しかも「いま」の時間の流れと、「九年前」の時間の流れとが、一行アキとかそういう明確な区切りもなく、わざと錯綜するように並行的に展開されることにより、いわば九年前の記憶の中のイメージと、目の前の現実とが、ないまぜにされ、そのことによって「いま」の現実が相対化されるという、不思議な効果をもった作品だといっていいでしょう。
これは文学の手法として高等技術です。こういう作風に慣れていない一般の読者は混乱を起こすでしょう。とくに又吉さんのような、わかりやすいリアリズム小説を読んで、純文学というのもいいものだな、と思った読者にとっては、これは何だかよくわからないものとして受け止められ、やっぱり文学は難しい、ということになってしまうのかもしれません。
文学というのは多様なのですし、とても幅が広く奥行きも深いものなのです。太宰治や又吉直樹は、その最も表層の、わかりやすい部分だといっていいでしょう。一見わかりにくくても、じわじわとその良さが伝わってくるというような作品もあるのですし、この作品よりももっと難解な、何が書いてあるのかサッパリわからないというものもある、それが文学なのです。

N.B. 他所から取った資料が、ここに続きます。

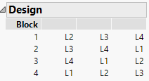 Use the Balanced Incomplete Block Platform to construct BIBDs. In addition, you can use the platform to construct complete block designs where each treatment occurs in every block.
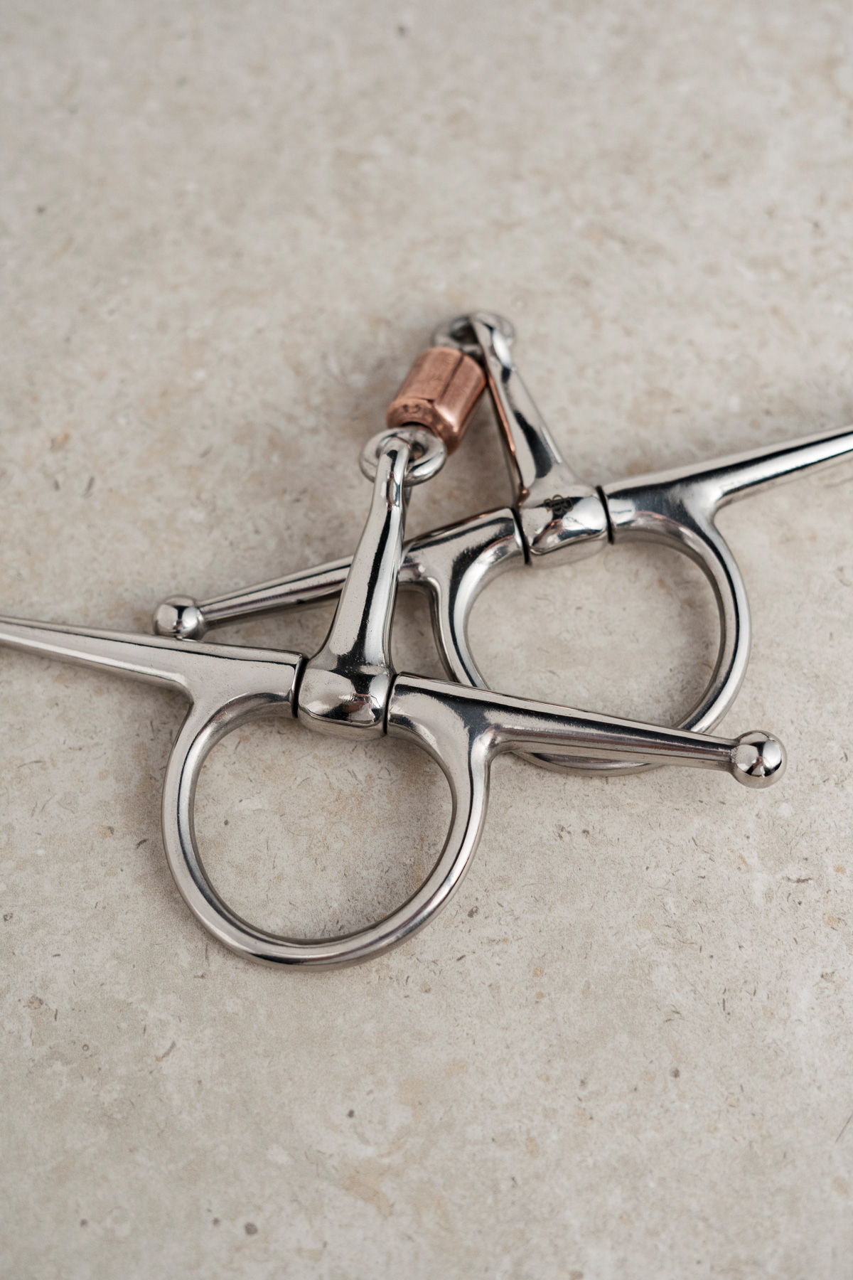 The three-part design ensures a gentle and steady connection with your horse’s mouth. It features a central copper roller, strategically placed to reduce the nutcracker effect often associated with single-jointed bits whilst also distributing pressure evenly over the tongue and bars of the mouth. This roller not only encourages a soft and gentle contact but also emits a sweet and pleasant taste that promotes salivation and mouthing. Copper is a warm and soft metal, making the copper roller very soft and comfortable on the horse’s tongue. Combined with the pleasant taste, the copper roller leads to higher acceptance of the bit by your horse.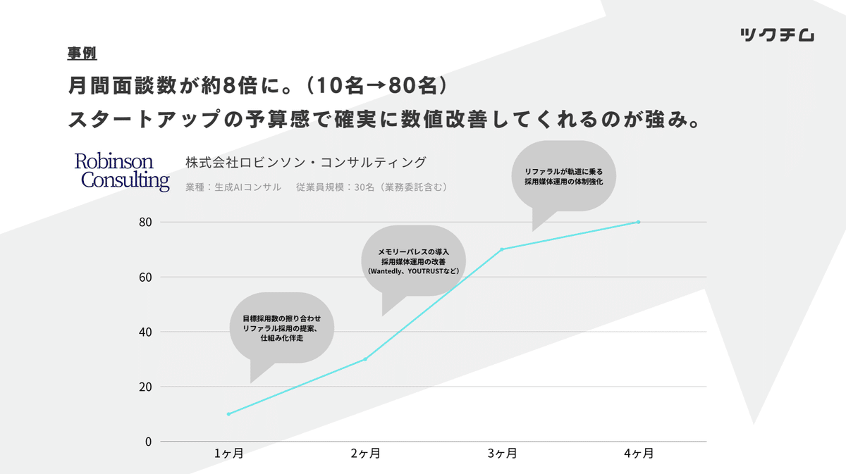 といったありがたい声をお寄せいただきました。中には面談数が月10名→8倍以上に増加したケースもあり、組織の成長スピードを加速させることができました。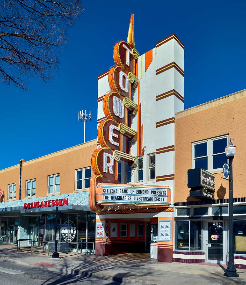 Situado unos metros más adelante, el histórico Tower Theater , inaugurado en 1937, se mantiene como una de las últimas salas de cine originales de Oklhaoma City. Su auditorio, con capacidad para 1.500 personas, todavía conserva intacta su estructura original y su hermosa marquesina de neón, lo que lo convierten en un verdadero emblema del distrito de la 23rd Street.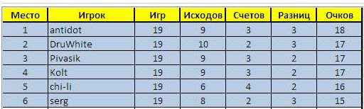 Dima_Apatity писал(а):sheva писал(а):Dima_Apatity писал(а):Может конечно где то про это и сказано, все не перечитаешь, но кто нибудь скажет, как ведется подсчет? Судя по таблице, никакой логики не нашел. Хоть и в заглавном посте написано, что подсчет стандартный.

でもこの作品は、サッパリわからないというものではありません。基本的にはリアリズムで書かれていて、何が起こっているかは正確にわかります。ただヒロインの置かれている状況は、都会で豊かな温かい家庭を築いている人にとっては、何とも生きづらい状況だと思います。しかしこの作品は、その生きづらい状況を、九年前にカナダに行った時の同行者で、不幸な境遇にあったある女性の祈りの姿と、「いま」のヒロインの思いとを、文学的な手法で重ね合わせることで、ある種の「救い」を感じさせる、文学ならではの名作だと思います。
表面的なわかりにくさに、途中で読むのをやめたりしないで、じっくりと味わっていただきたい作品です。